Python pandas df index error when column empty-CodePudding

For a project I am importing a csv-file(s) into SQLite with the aid of pandas dataframe.

It 's a very big file (914 columns) so I want to split this by selecting the columns. I do this with pandas df.

This works fine, but not when there are no values in the column, then I get an index-error. I don't know in advance if a column will be empty.

def limit_rubric1(df):
    limit_df = df[[
        "Company",
        "RUB 1",
        "RUB 2",
        "RUB 3",
        "FileBase"]].fillna(value=0)
    # limit_df = limit_df.reset_index(drop=True)
    return limit_df

This is the error I get: File "C:\Users\xxx\PycharmProjects\MF\venv\lib\site-packages\pandas\core\indexes\base.py", line 6176, in _raise_if_missing raise KeyError(f"{not_found} not in index") KeyError: "['RUB 2'] not in index"

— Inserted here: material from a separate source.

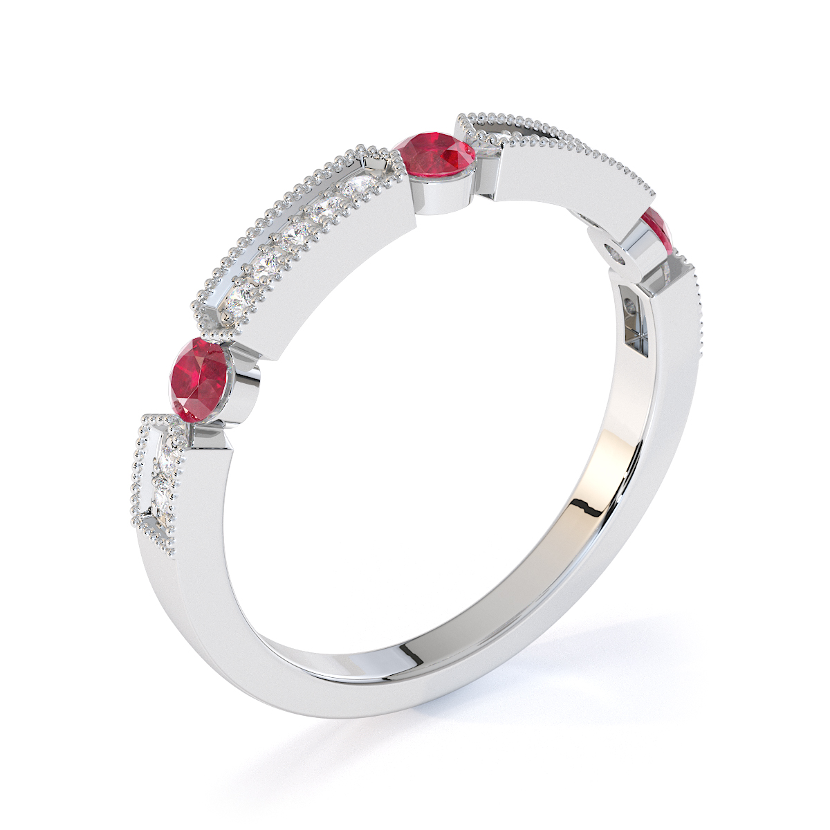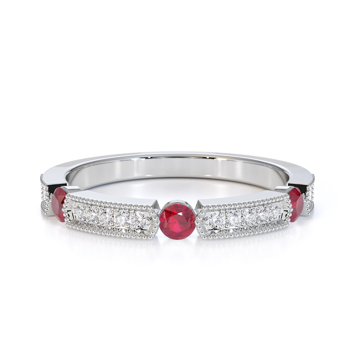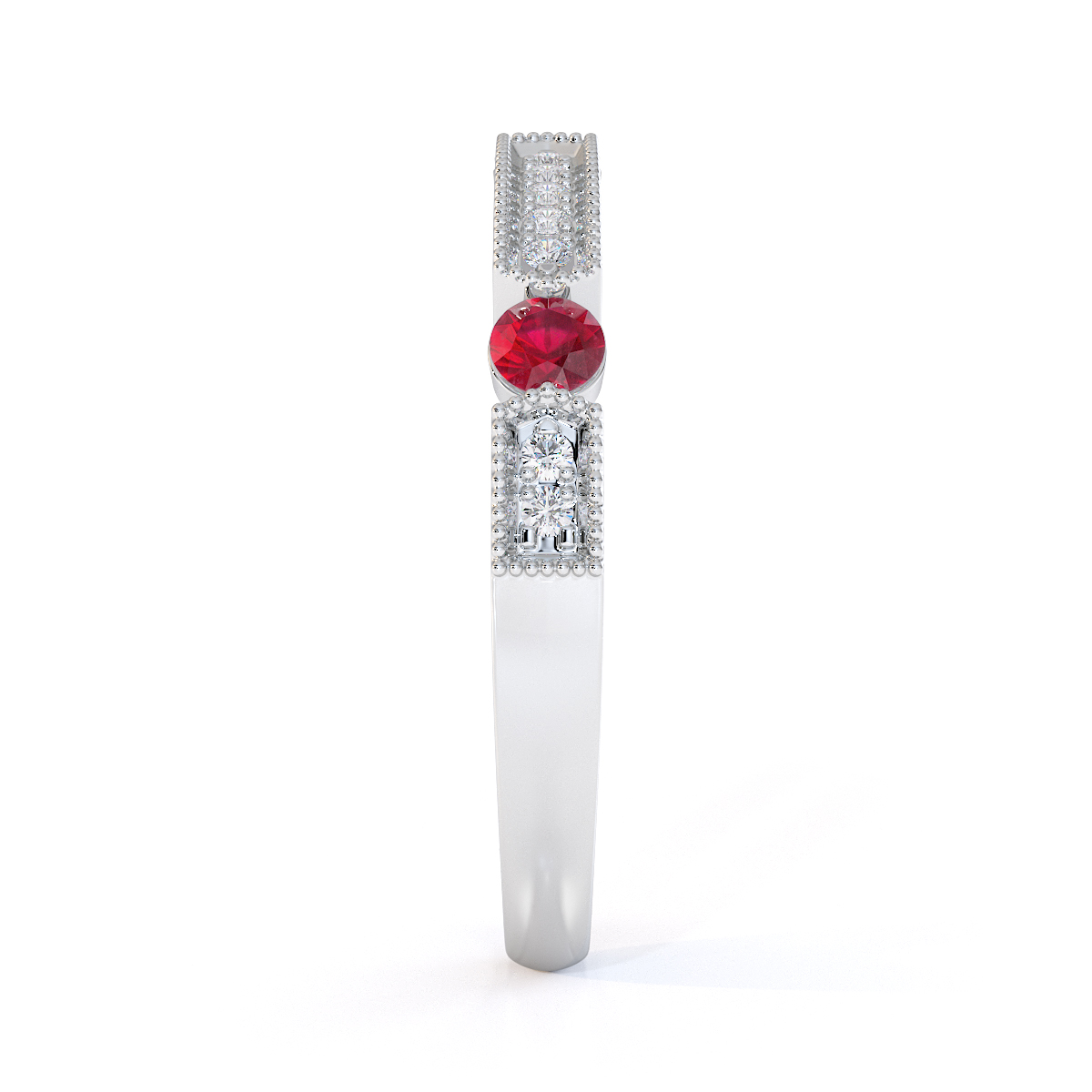 Milgrain Round Cut Diamond and Ruby Half Eternity Ring 0425

CodePudding user response：

It depends what needs - if not exist RUB 2 and need this column in ouput with 0 use:

def limit_rubric1(df):
    return df.reindex(columns=[
        "Company",
        "RUB 1",
        "RUB 2",
        "RUB 3",
        "FileBase"], fill_value=0)

Or if need only existing columns:

def limit_rubric1(df):
    
    cols=df.columns.intersection(["Company","RUB 1","RUB 2","RUB 3","FileBase"],sort=False)
    return df[cols].fillna(value=0).reset_index(drop=True)